Alors, pour résoudre cette contradiction, le pouvoir en place anticipe et s’organise. Du « Nous sommes en guerre » de lundi soir, nous sommes passé à « l’état d’urgence sanitaire ». Ce qui n’est pas sans rappeler le discours d’un certain Manuel Valls qui, après les attentats du 13 novembre 2015, en appelait déjà, alors, à l’union nationale, déclarant que nous étions en guerre et proclamant l’état d’urgence, passé depuis à la postérité constitutionnelle. Le gouvernement prend donc une série d’ordonnances, regroupées sous le nom de « Projet de loi d’urgence pour faire face à l’épidémie de CoVid-19 », pendant que l’armée et la police se mettent en place dans les rues et que l’UE ferme ses frontières. Pire, la durée de cet état d’urgence, y compris s’il est traduit par une loi après son passage au Parlement, n’est pas définie clairement et il pourra donc s’appliquer au bon vouloir du gouvernement à chaque nouvelle crise sanitaire.

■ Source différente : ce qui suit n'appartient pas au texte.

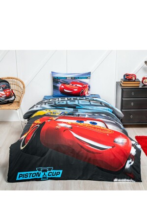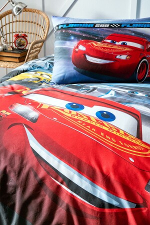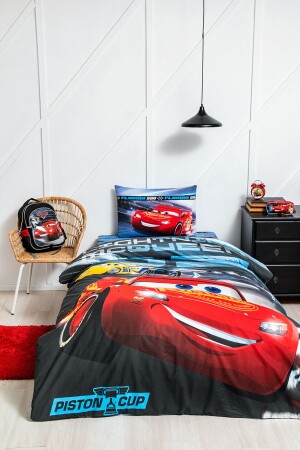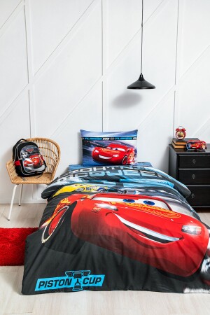 Rally Yarış Arabalı Desenli Mavi Çarşaflı 2 Yastık Kılıflı -Ranforce Tek Kişilik Nevresim Takımı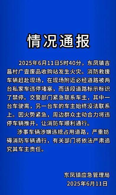另一则通报称,现场附近必经道路被两台私家车违停堵塞,而该段道路标示标识了禁停。交警部门紧急联系车主,其中一台车驶离,另一台车的车主始终没法联系上。因火势紧急,周边群众主动合力将违停车辆推开,让消防车顺利通行。涉事车辆涉嫌违规占用道路,严重妨碍消防车辆通行,有关部门将依法严肃追究车主责任。

Leur état d’urgence et le nôtre

Depuis lundi donc, nous avons basculé temporairement. 100 000 policiers et militaires déployés, 4 000 amendes forfaitaires en 24h pour circulation sans justification dans les rues, limitation drastique des libertés de se déplacer, de se réunir, etc. Que l’on ne se méprenne pas cependant : nous ne faisons pas partie des sceptiques vis-à-vis de la crise sanitaire, nous avons par ailleurs exigé des mesures de confinement dès le départ, alors même que les ministres sous-estimaient largement les risques. Mais nous n’acceptons pas ces mesures à n’importe quel prix. Nous ne nous satisferons jamais de la limitation des libertés individuelles et collectives, de voir des uniformes fleurir dans toutes les rues avec le droit de réprimer comme bon leur semble, au nom de l’urgence sanitaire. La militarisation de l’espace n’augure jamais rien de bon, et la présence policière porte les stigmates de ce qu’elle est en temps « normal », violente, autoritaire, souvent paternaliste, et discriminatoire dans une série de quartiers. Nous n’acceptons pas la fermeture des frontières, à l’heure d’une catastrophe migratoire qui se poursuit. Nous refusons la délation, l’incitation à l’auto-contrôle et à la discipline aveugle, imposée par la force ou par le voisinage. Nous refusons de voir s’affaiblir les droits de la défense de par la limitation de l’accompagnement des personnes arrêtées et placées en garde à vue. La crise sanitaire que nous connaissons va se prolonger et connaîtra certainement des répliques, dont l’ampleur et la durée sont difficilement prévisibles. Face à cela, nous devrons non seulement imposer des mesures sociales et économiques de planification et d’extension des droits pour l’ensemble du monde du travail, mais également faire face de façon consciente et organisée, disciplinés collectivement, dans un cadre solidaire et démocratique. Pas sous la menace d’une sanction ou d’une peine quelconque, pas au prix de notre santé sur le lieu de travail ou dans la rue.

Notre état d’urgence, ce sont des moyens pour le système public de santé, pour la recherche scientifique, pour la solidarité et la prise en charge des plus démuniEs, pour l’augmentation des salaires et de la protection sociale, pour la réquisition des entreprises qui produisent du matériel médical et des traitements. Alors, sans attendre, dès demain, portons ce discours autour de nous, ne nous habituons pas au pire.